18. Из средоточаще-безмолвствующего существа λέγειν сначала возникает то, что едва ли можно не заметить даже при стороннем рассмотрении «логоса». Оно устанавливает, что λόγος как сказывание (в котором таится нарушенное молчание) средоточит по способу сведения воедино и обособления. И то, и другое — самые первые улавливаемые признаки средоточения. Аристотелю они известны под титулом σύνθεσις и διαίρεσή как взаимопринадлежные моменты «логоса», причем «логоса» «высказывающего» (в смысле «обнаруживающего»). Высказывание может высказать что-либо о чем-либо только в том случае, если прежде оно называет нечто как нечто. Значит, нечто одно обособляется от чего-то другого, причем так, что это обособленное сводится воедино с названным. Оба момента «логоса», то есть σύνθεσις и διαίρεσις, отмечал уже Платон, хотя и не как структурные элементы «апофантического логоса».
19. Исконное существо λέγειν,проблескивает в том определении Канта, которое он дает мышлению, когда понимает его как «я связую», т.е. «я средоточу». Функции единства связывания, т.е. способы исконного сосредоточения как собирания, которое теперь, со времен Декарта, перемещено в ego cogito, суть категории, разумеемые как те понятия рассудка, в которых предметность предметов, т. е. бытие сущего мыслится так, как его понимает Кант. И здесь бытие еще коренится в «единстве», хотя о существе и происхождении этого единства вопрос еще не встает.
20. Слабое сияние изначального «Логоса», который еще может проявляться в трансцендентальном понятии мышления, есть скрытая причина выявления природы разума в мышлении Канта и в спекуляции абсолютного идеализма. Разум мыслится как воля (Кант), как воля действия (Фихте), как воля духа (Гегель), как воля любви (Шеллинг). Как эта воля разум (ratio, logos) есть воля «жизни». Затем в последующих обращениях, которые не-существо бытия вымогает себе у мыслителей, эта воля появляется как «воля к отрицанию жизни» (Шопенгауэр), которая, еще раз обратившись, завершает обращение и появляется как «воля к власти» (Ницше). Каков смысл того, что воля к власти предстает как обращение обращения? Как это оборачивание связано с волей и ее выступлением? В этом еще загадочном волении бытия одновременно скрывается то существо воли, которое — как волю к воле — можно познать только из мышления, продвигающегося своей мыслью в истину бытия.
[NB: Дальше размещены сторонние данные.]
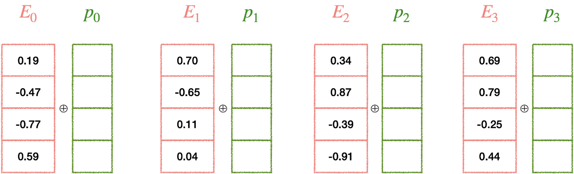 - 그렇기 때문에 차원이 4개로 표현한다고 가정하면 각 요소는 서로 다른 4개의 주기를 갖게 됨 (짝수 홀수)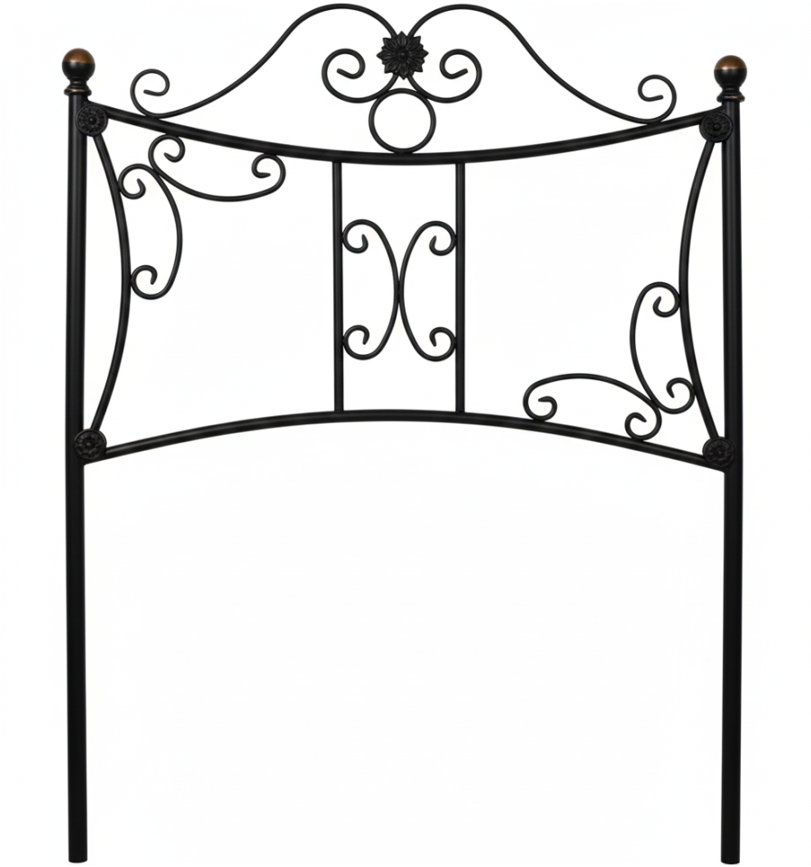 El diseño de este cabecero es sencillo pero elegante, con unas patas rectas acabadas en bola y unos dibujos de hierro en la parte superior con una roseta decorativa en el centro. Este cabecero está disponible en una amplia gama de acabados, como blanco, marfil o negro, para que puedas elegir el que mejor se adapte a tus necesidades.

В этой воле к воле проступает предельное и законченное противо-существо изначальному «Логосу». Картина почти такова, как будто в воле к воле исчезло все существо изначального бытия, почему и удивляет, когда бытие, помысленное в новоевропейской метафизике, решительно истолковывается как воля[59]. Люди не знают ничего другого, кроме как истолковывать всё и вся «психологически» и провозглашать психологию «самой метафизикой». Тем не менее для того чтобы отыскать в воле к воле еще не исчезнувший след изначального существа бытия, возвратно мыслящему продвижению мысли надо сделать лишь несколько простых шагов.
21. В ракурсе Άλήθεια—Φύσις бытие решающим образом определяется как ιδέα, ουσία, ενέργεια.Смысл этого в следующем: бытие означает исхождение в присутствие, бытийное присутствование по способу само-выставления и само-представления. Сюда же входит: само- презентация и вместе с нею презентация другого: репрезентация. Собственно сущее всего и для всего — это репрезентирующее, репрезентант.
В соответствии с этим бытие означает: приносить себя в определяющее присутствие, означает само-вынесение и само-пронесение, само-пролагание. От правильно понятой ιδέα как кажущей себя про-образующей зримости до господствующего само-осуществления простирается та единая сущностная связь, в развертывании которой волевое начало выступает все решительнее (почему и в какой мере?). Когда существо бытия поворачивается в сторону субъективности, тогда волевое в бытии утверждается окончательно: теперь это само-пред-ставление, которое предо-ставляет всё себе и на себя и в этом устанавливается как нечто такое, что господствует над всем поставленным, стоящим и постоянным. Выступление и наступление в открытое публичной открытости представляющего сознания берет верх над моментом того открытого, которое характерно для присутствия. Гон репрезентации и погоня за репрезентацией, в чем одновременно коренится и ее поддержание, — это вперед-напирание в напирающем само-пред-ставления. Присутствие, а также тот факт, что именно в нем и бытийствует всякое напирающее выступление, перед единственной в своем роде погоней за репрезентацией отступают на задний план — как нечто, уже ничего не значащее. Но ведь эта погоня не была бы тем, что она есть, без возможности осуществления того бытийного при-сутствования, которое она всячески гонит и вновь и вновь ищет. Тот факт, что совершительное (das Vollzugshafte), тот факт, что действие везде и всюду получает преимущество, говорит лишь о том, что упомянутое осуществление бытийного присутствования, от которого целиком и полностью зависит всякая гонка, предается забвению. Бытийствуя как воля, бытие тем самым — хотя еще и не явным образом — свидетельствует о том, что его забвение попускается им самим.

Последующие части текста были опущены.